Exercise details ▸
Repeat all of the data below word for word, keeping no images.

##### Extracted material #####

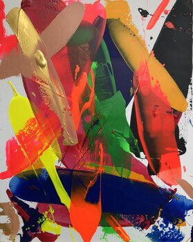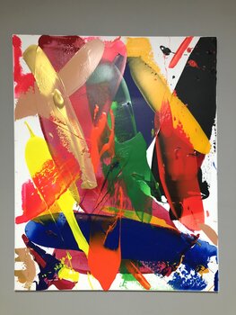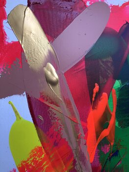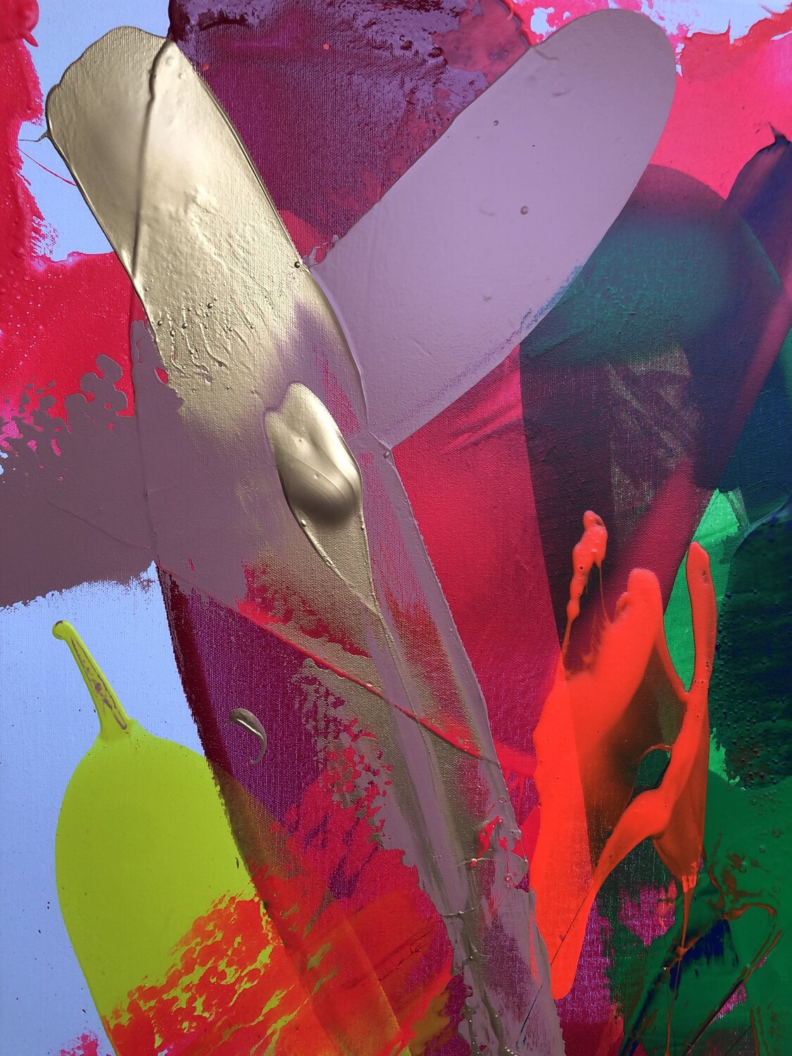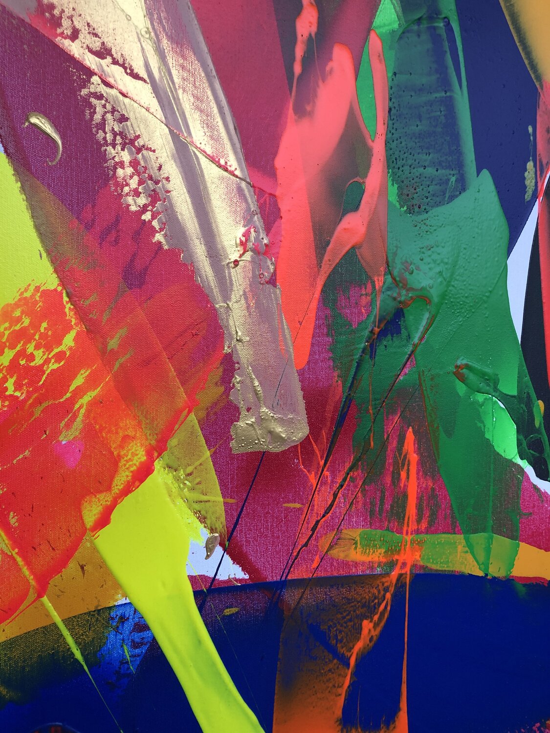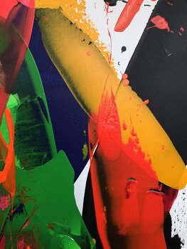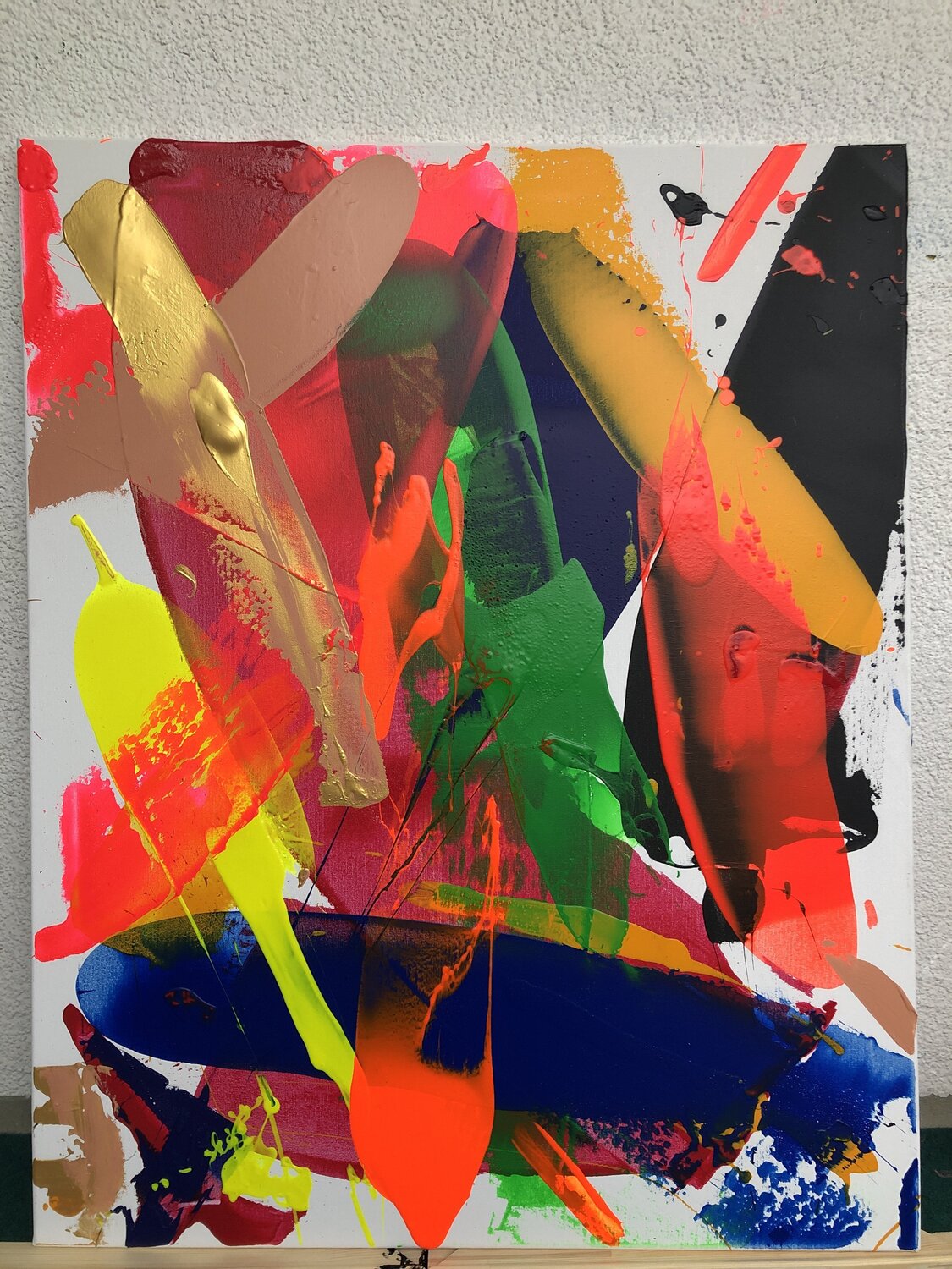 Ein Schwert kann zerstören oder erschaffen. Der Künstler hat mit dem japanischen Langschwert "Katana" dieses kraftvolle, abstrakte Kunstwerk erschaffen. Es ist durch mehrere Schwerthiebe entstanden. Dynamisch und voller Energie. Nehmen Sie etwas von dieser Energie beim betrachten des Gemäldes auf.
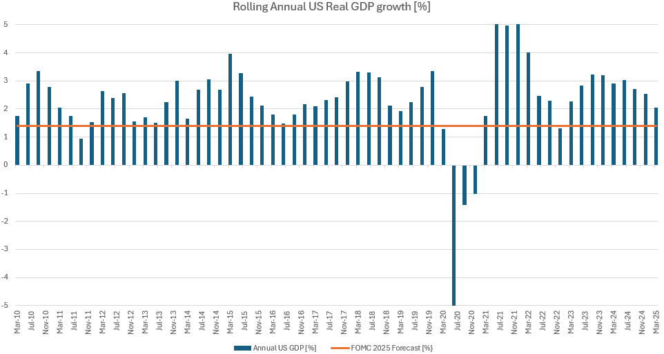 A forecast of 1.4% is worse than nearly all the annual real GDP growth prints for the US since the GFC, excluding the pandemic.
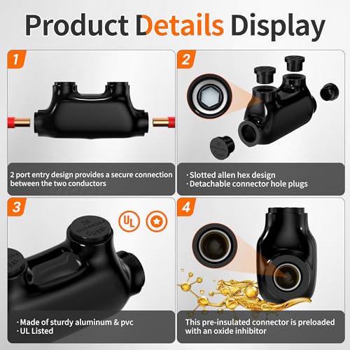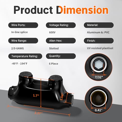 - Superior Material: Our inline splice connector 2/0-6 gauge is made of solid aluminum with rugged high dielectric rubber/PVC coating, these insulated multi tap connectors are UL Listed for reliability and safety. The aluminum wire connectors also come with pre-filled oxide inhibitor, which allows you to connect and disconnect wires quickly and efficiently
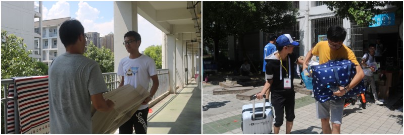 7月15日当天,天气炎热,公司在31栋、45栋楼下分别设立服务点,准备了矿泉水、医药箱,及时应对突发状况。公司抽调员工党员、员工骨干组成“搬迁志愿服务队”,男生负责物品搬运,女生负责物品看管,搬迁秩序井然。在新宿舍中,公司为每位同学准备了“入住大礼包”内含矿泉水、洗衣液以及温馨的问候语,让每位新入住的同学“解解渴、洗洗衣、暖暖心”。2017级社会工作的肖凯说“虽然宿舍搬迁比较累,但看到公司为我们考虑的这么细致,而且老师们和我一起抗包、拿东西,心里特别暖,表白我大历社!”
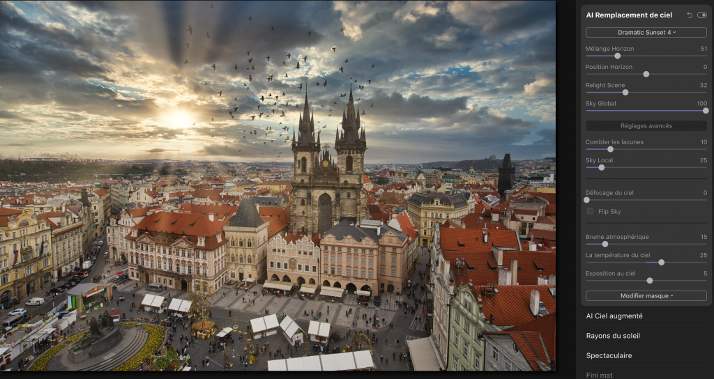 À l’aide d’un traitement par algorithme automatique, on peut demander au logiciel, en quelques clics de souris, de remplacer le ciel, d’y placer des oiseaux et de rajouter des effets atmosphériques :
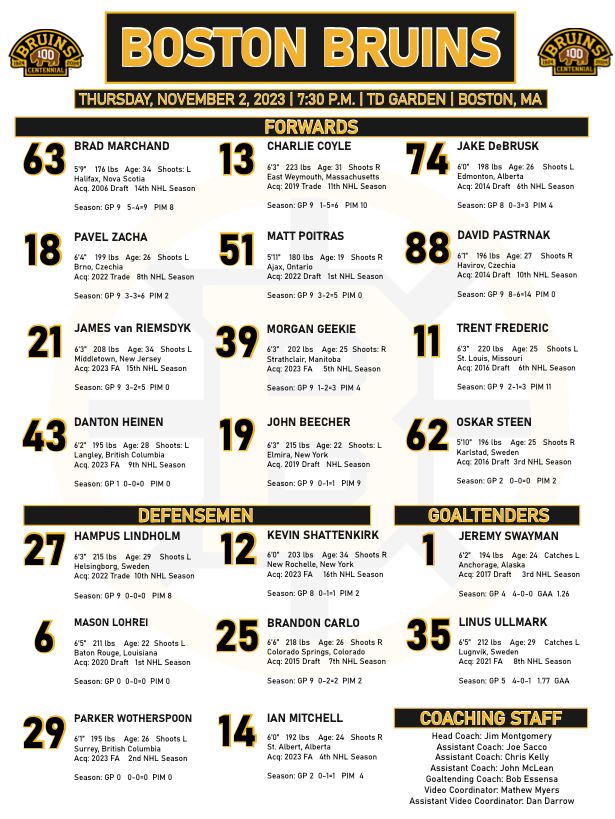 — Boston Bruins (@NHLBruins) November 3, 2023
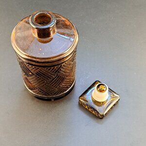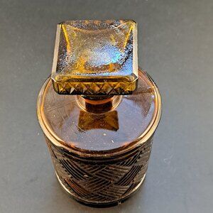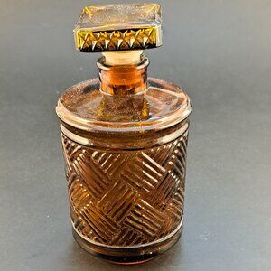 This vintage amber glass decanter is in good used condition. It stands roughly 5 inches tall without its matching stopper. Due to age and use, it has a few flea bites at the base and a small chip on the first ring above the base, but it is still a lovely piece that would add warmth and charm to your bar area.
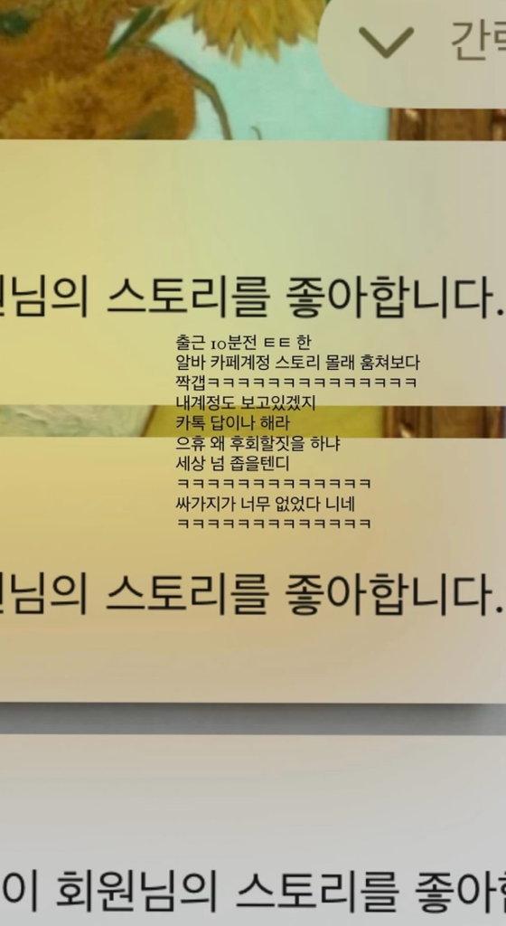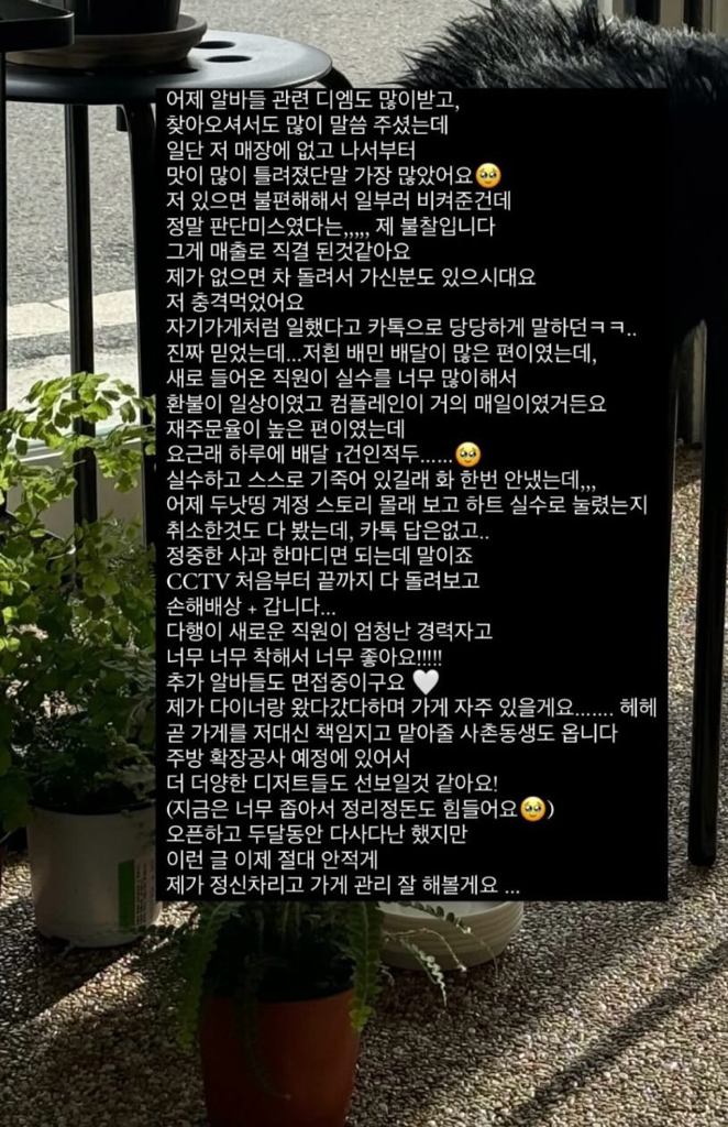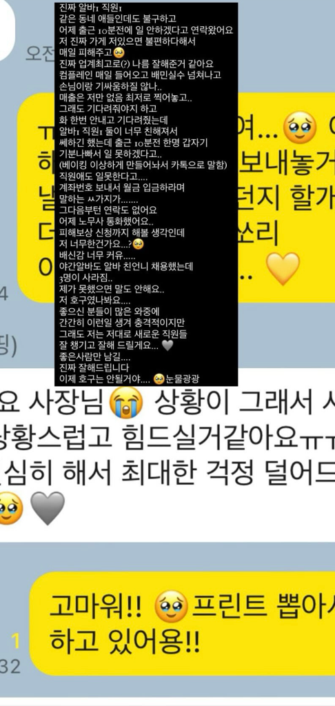 저격글을 적어두셨습니다 가게에 알바생은 저밖에 없었으며 직원도 한 명밖에 없는 상황이었습니다
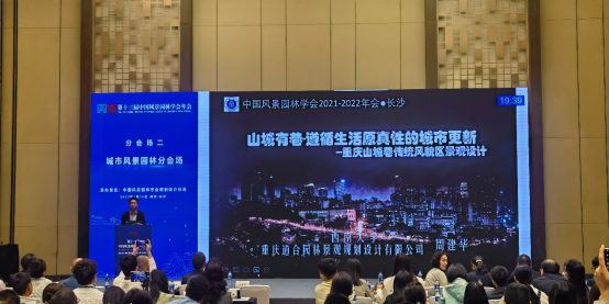 学院副院长周建华教授在“城市风景园林分会场”发表题为《山城有巷——遵循生活原真性的城市微更新》的主题报告,报告以重庆山城巷为例,深度挖掘山城巷子历史痕迹,沿袭山城市井生活文脉,遵循“小规模·低冲击·精细化”的更新策略,提出“风貌原真的融合、街巷原形的疏通、场所原象的营造、地景原貌的再生、人情原味的共融”等五大街巷更新价值体系,为推动高质量发展时期的山地城市更新提供了重要理论支撑和实践参考。

#####

Response for this exercise ▸
 Ein Schwert kann zerstören oder erschaffen. Der Künstler hat mit dem japanischen Langschwert "Katana" dieses kraftvolle, abstrakte Kunstwerk erschaffen. Es ist durch mehrere Schwerthiebe entstanden. Dynamisch und voller Energie. Nehmen Sie etwas von dieser Energie beim betrachten des Gemäldes auf.
 A forecast of 1.4% is worse than nearly all the annual real GDP growth prints for the US since the GFC, excluding the pandemic.
 - Superior Material: Our inline splice connector 2/0-6 gauge is made of solid aluminum with rugged high dielectric rubber/PVC coating, these insulated multi tap connectors are UL Listed for reliability and safety. The aluminum wire connectors also come with pre-filled oxide inhibitor, which allows you to connect and disconnect wires quickly and efficiently
 7月15日当天,天气炎热,公司在31栋、45栋楼下分别设立服务点,准备了矿泉水、医药箱,及时应对突发状况。公司抽调员工党员、员工骨干组成“搬迁志愿服务队”,男生负责物品搬运,女生负责物品看管,搬迁秩序井然。在新宿舍中,公司为每位同学准备了“入住大礼包”内含矿泉水、洗衣液以及温馨的问候语,让每位新入住的同学“解解渴、洗洗衣、暖暖心”。2017级社会工作的肖凯说“虽然宿舍搬迁比较累,但看到公司为我们考虑的这么细致,而且老师们和我一起抗包、拿东西,心里特别暖,表白我大历社!”
 À l’aide d’un traitement par algorithme automatique, on peut demander au logiciel, en quelques clics de souris, de remplacer le ciel, d’y placer des oiseaux et de rajouter des effets atmosphériques :
 — Boston Bruins (@NHLBruins) November 3, 2023
 This vintage amber glass decanter is in good used condition. It stands roughly 5 inches tall without its matching stopper. Due to age and use, it has a few flea bites at the base and a small chip on the first ring above the base, but it is still a lovely piece that would add warmth and charm to your bar area.
 저격글을 적어두셨습니다 가게에 알바생은 저밖에 없었으며 직원도 한 명밖에 없는 상황이었습니다
 学院副院长周建华教授在“城市风景园林分会场”发表题为《山城有巷——遵循生活原真性的城市微更新》的主题报告,报告以重庆山城巷为例,深度挖掘山城巷子历史痕迹,沿袭山城市井生活文脉,遵循“小规模·低冲击·精细化”的更新策略,提出“风貌原真的融合、街巷原形的疏通、场所原象的营造、地景原貌的再生、人情原味的共融”等五大街巷更新价值体系,为推动高质量发展时期的山地城市更新提供了重要理论支撑和实践参考。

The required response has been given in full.